Yes, in that the song is a solid enough listen with an unusual nagging single note guitar riff opening the track then running through it like a stitch. The double tracked power chords and drum beats add a note of drama and menace which, disappointingly, is never realised with any effect as it soon falls into predictable 4/4 line as it gathers pace. The lyrics though are suitably removed from the world of pugilism to transcend their source and provide inspiration to anyone with their back against the wall:

"Risin' up, straight to the top

Have the guts, got the glory
Went the distance, now I'm not gonna stop
Just a man and his will to survive "

No, in that 'Eye Of The Tiger' is more light than heavyweight in the rock stakes. Whilst the UK in 1982 had the likes of Judas Priest and Iron Maiden running riot under the NWOBHM banner, the Americans were getting off on an FM diet of soft pop/rock sounds courtesy of Foreigner, Journey, REO Speedwagon et al whose combined record collections didn't seem to stretch any further than the first Boston album.
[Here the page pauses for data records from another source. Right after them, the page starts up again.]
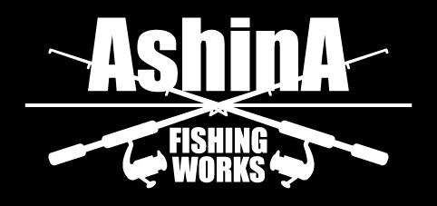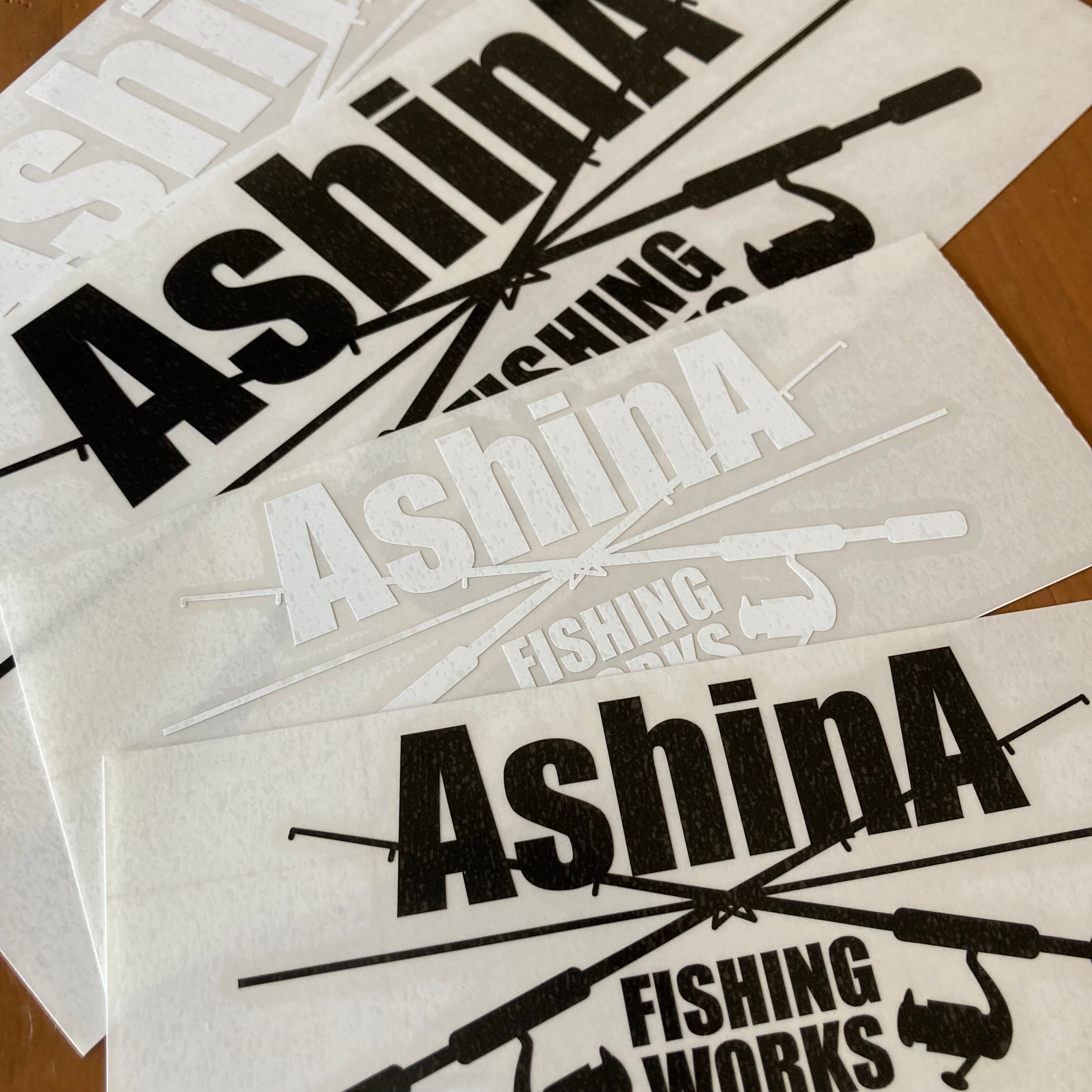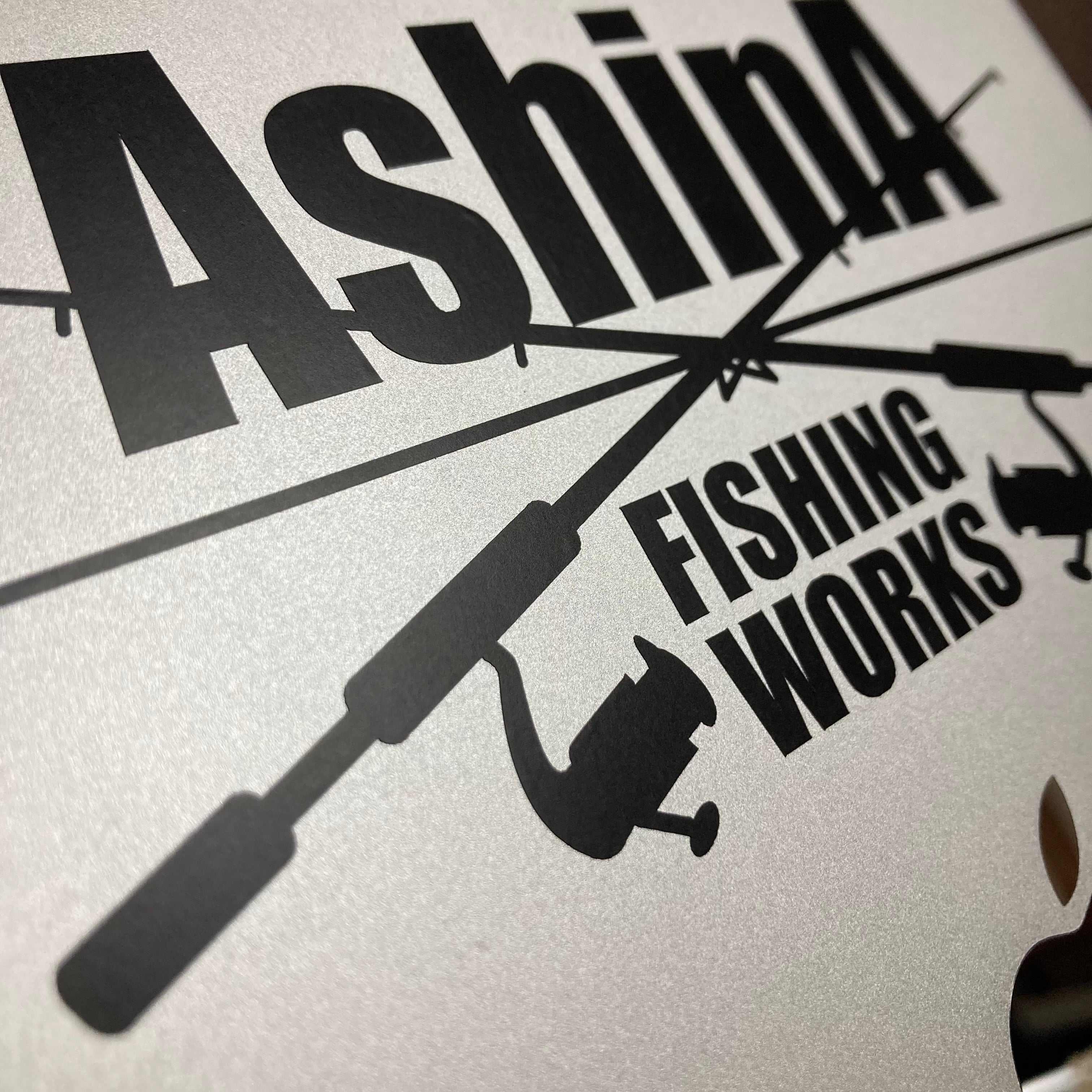 AshinA fishing worksロゴのカッティングステッカー。耐久性のある素材のため、屋外使用にも向いております。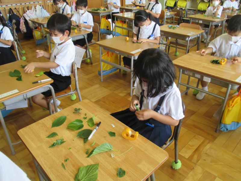 生活科のなつとなかよしの授業で、校庭にある葉っぱを使って、オリジナルの虫を作りました!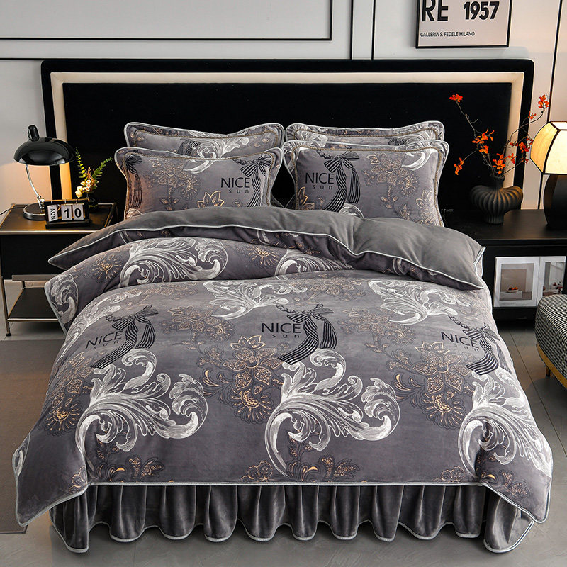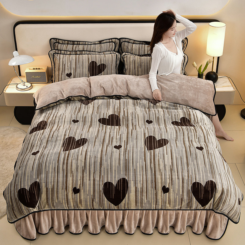 2025牛奶绒四件套冬季加厚保暖珊瑚绒被套床上用品法兰绒床单裙式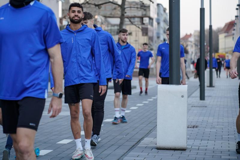 Jucătorii noștri și-au arătat abilitățile fizice în fața tuturor trecătorilor într-un antrenament “deschis publicului”, care s-a desfășurat în centrul orașului.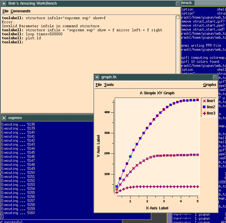 While suprem is busy running in the background, we can use the command shell to continue issuing commands to other tools. A prototype graphing tool was loaded using the command plot.1d from the command shell.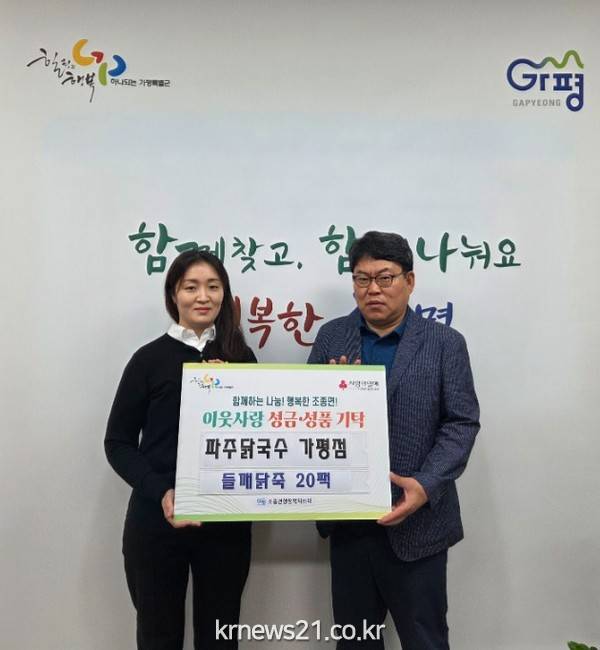 ▲ 사진=가평특별군가평군 가평읍 마장리에 위치한 파주닭국수 가평점이 최근 조종면행정복지센터를 통해 지역 어르신들을 위한 들깨닭죽 20팩을 기탁했다.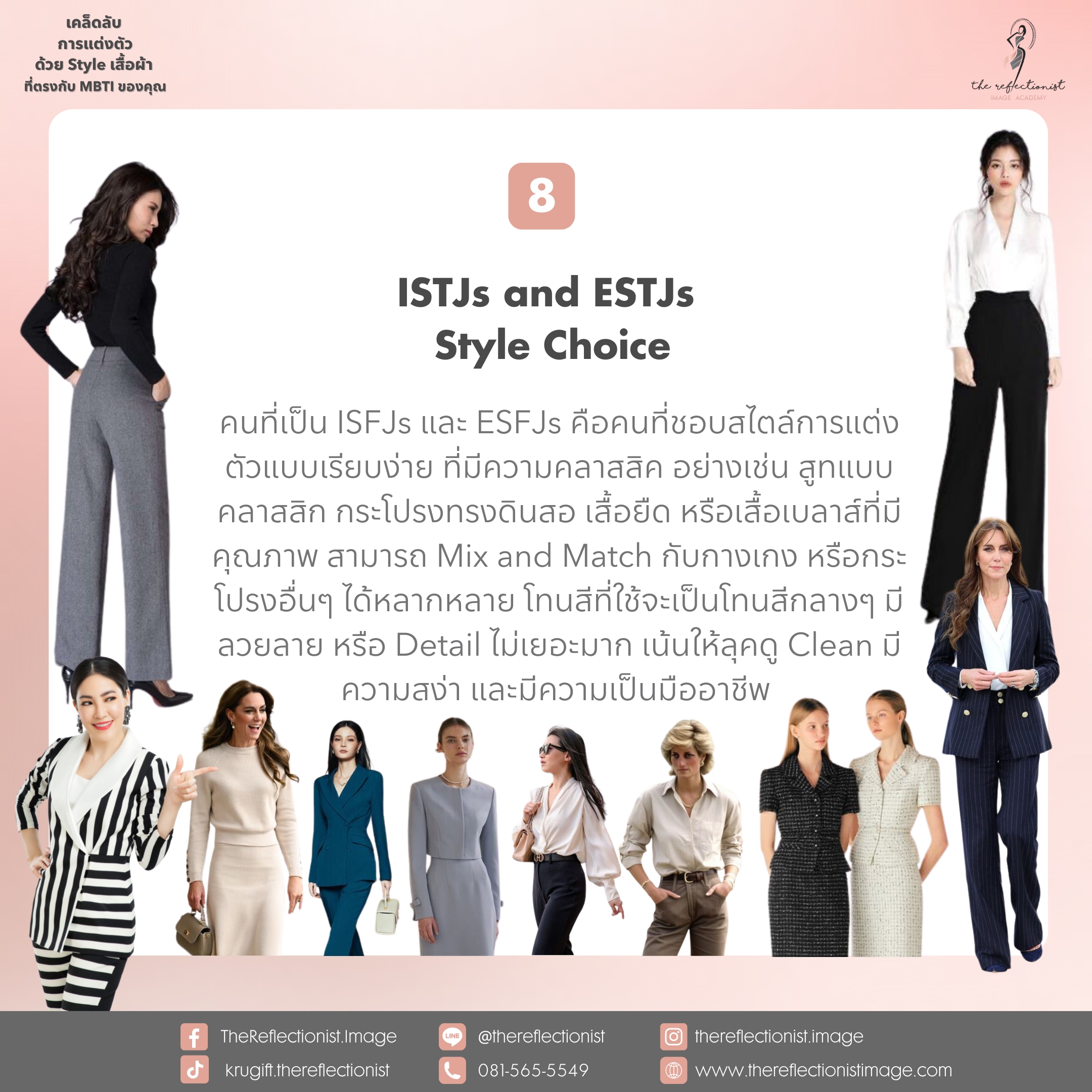 คนที่เป็น ISFJs และ ESFJs คือคนที่ชอบสไตล์การแต่งตัวแบบเรียบง่าย ที่มีความคลาสสิค อย่างเช่น สูทแบบคลาสสิก กระโปรงทรงดินสอ เสื้อยืด หรือเสื้อเบลาส์ที่มีคุณภาพ สามารถ Mix and Match กับกางเกง หรือกระโปรงอื่นๆ ได้หลากหลาย โทนสีที่ใช้จะเป็นโทนสีกลางๆ มีลวยลาย หรือ Detail ไม่เยอะมาก เน้นให้ลุคดู Clean มีความสง่า และมีความเป็นมืออาชีพ

Survivor are a typically square peg to sit aside these square holes, and for all their fighting talk, bluster and streetwise swagger the band show on the video, 'Eye Of The Tiger' now sounds too tired to fight it's way out of a paper bag. At least not when compared with something like 'Ace Of Spades' released two years earlier which still sounds like someone repeatedly slamming your head against a brick wall. Maybe that's not what Survivor were 'about', but as they were soundtracking a boxing film, then maybe they should have been.

Hearing 'Eye Of The Tiger' now will always bring a warm feeling to those who remember it first time round, and the urge to throw shadow punches to those power chords at the start is still well nigh irresistible. The remainder will wonder what all the fuss is about.